Lower Critical Solution Temperature Tuning and Swelling Behaviours of NVCL-Based Hydrogels for Potential 4D Printing Applications
Round 1
Reviewer 1 Report
The article "Lower critical solution temperature tuning and swelling behaviors of NVCL based hydrogels for potential 4D printing applications," presented by Shuo Zhuo, Luke M. Geever, Elaine Halligan, Billy Shu Hieng Tie, and Colette Breheny, investigates the thermal and swelling properties of the prepared NVCL-based polymers. The authors conclude that the polymers developed in this study have variable transition temperatures (LCST), and one of the chemically crosslinked hydrogels exhibits outstanding reversible swelling behaviors, allowing the 4D printing concept to be realized.
In my opinion, the work is presented in an illegible manner. In general, the introductory chapter makes it difficult to determine what the exact purpose of the work was and what novelty this work has compared to those previously published on similar topics.
Notes for authors:
1. Please include a review of the literature for NVCL-based hydrogels obtained thus far, as well as cases where NVP and DMAAm were used as monomers.
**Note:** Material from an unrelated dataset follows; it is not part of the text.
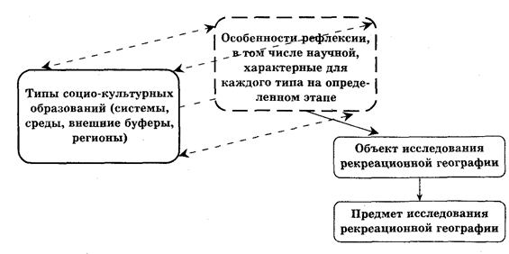 При определении объекта и предмета рекреационной географии важно изначально исходить из следующих тезисов: 1) географическое познание не универсально — оно тесно связано с социокультурными территориальными структурами. Следовательно, в рамках каждого социокультурного образования складывается свое понимание того, что есть объект и предмет рекреационной географии; 2) каждое социокультурное образование имеет собственную логику эволюции. Следовательно, рекреационная география как область научного познания может иметь место далеко не во всех типах образований. Это не показатель развитости или недоразвитости того или иного социокультурного образования, но только показатель его потребности в такой области познания, как рекреационная география. Эти два тезиса важны для понимания относительности объекта и предмета рекреационной географии. Надо избегать неоправданной универсальности в определении объекта и предмета, когда они представляются едиными и неизменными для всех времен и народов. Рекреационная география имеет место лишь в рамках определенного социокультурного образования, и все особенности рекреационной географии определяются именно этим, конкретные формы ее реализации как области познания определяются теми внутренними и внешними задачами, которые решаются социокультурными образованиями в процессе их эволюции. Для более четкой постановки проблемы определения приведем графическую модель (схема 2). Смысл данной модели заключается в том, что существует реальность в виде различных типов социокультурных образований. Для каждого из них характерны свои особенности выражения, и научная рефлексия является только частным

2. Why were 0.1 wt% photoinitiator and 2 wt% PEGDMA added? Did the authors carry out optimization reactions for other values of these materials?
3. Figure 2 - please increase the X axis scales. Based on what is visible, the reviewer is unable to determine whether the intense peak at 1620 cm-1 is due to the typical absorption of C = O stretching. Furthermore, why don't the authors explain the presence of a hump at 1620 cm in samples S4 and S6? Please also include the FTIR spectra of the S1, S2, and S3 samples.
4. The 1H NMR spectrum of NVCL and PNVCL produced should be included in the work.
5. Add the LCST values for samples S4, S5, and S6 to Table 3. Please also explain how the LCST value for sample S1 is translated into 4D printing applications.
6. Figure 3 - I believe that including a thermogram illustrating the LCST of the prepared samples S1-S6 is a necessary condition.
7. The authors' conclusion, "the outstanding swellability and tunable phase transition temperature of smart resin have the potential to be used as thermogelling systems in 4D printing techniques, and the printed objects can be used as a candidate to create thermal actuators and sensors," is, in my opinion, far-reaching. In order to achieve a true 4D printing concept, the authors should add the results of applying the obtained preparations to a physical 3D printer to the work.
To summarize, the presented work is not suitable for publication in the Polymers journal in its current form and content.
Author Response
Please see the attachment
Author Response File: Author Response.docx
Reviewer 2 Report
The manuscript is good.
1. Revise the introduction section. Compare the findings of the literature and propose research gaps and objectives of the study.
2. In the materials and method section, provide the names of instruments and model numbers.
3. Section 3 heading "Results" must be "Results and Discussion'
4. Compare the results with literature and provide interpretation.
5. Conclusion section must be written.
6. The biggest shortfall is no sensitivity analysis. Provide the same.
7. provide the details of the design of the experiment and the appropriate reason to choose the variation of process parameters.
8. Add future research scope and application of research for industry and society.
Author Response
Please see the attachment
Author Response File: Author Response.docx
Reviewer 3 Report
The manuscript by Zhuo et al. deals with synthesis of the termo-responsible (co)polymers based on N-vinyl caprolactam. The authors studied LCST and cloud point temperature values, as well as equilibrium swelling behavior for all synthesized polymers. Also, the suitability of some synthesized materials was established. The manuscript by Zhuo et al. is well-organized, well-written, however I have some comments for the authors:
1. What is a structure of Irgacure® 2959 photoinitiator? It is hard to understand its influence on physical gel formation due to non-represented structure. If the physical gels are viscosity solutions, so molecular weights of С1, S1-S3 samples must be provided because of great influence of molecular weight on LCST.
2. The pH of medium also effects on LCST values or swelling behavior. Provide the information of pH values for all conducted experiments.
3. Why the authors choose 10 % polymer solutions for LCST and cloud point temperature investigation? 1 % or less concentration solutions are usually used for such research.
To my mind, this manuscript may be reconsidered after changes according wit the comments.
Author Response
Please see the attachment
Author Response File: Author Response.docx
Round 2
Reviewer 1 Report
Dear Authors,
Please find my recommendations in the attached document, which is marked in blue.
Comments for author File: Comments.pdf
Author Response
Please see the attachment, which is marked in green.
Author Response File: Author Response.docx
Reviewer 3 Report
The authors took in account a significant part of comments. So, I think that manuscript can be published in the present form.
Author Response
Thank you.
The revised paper was again proofread.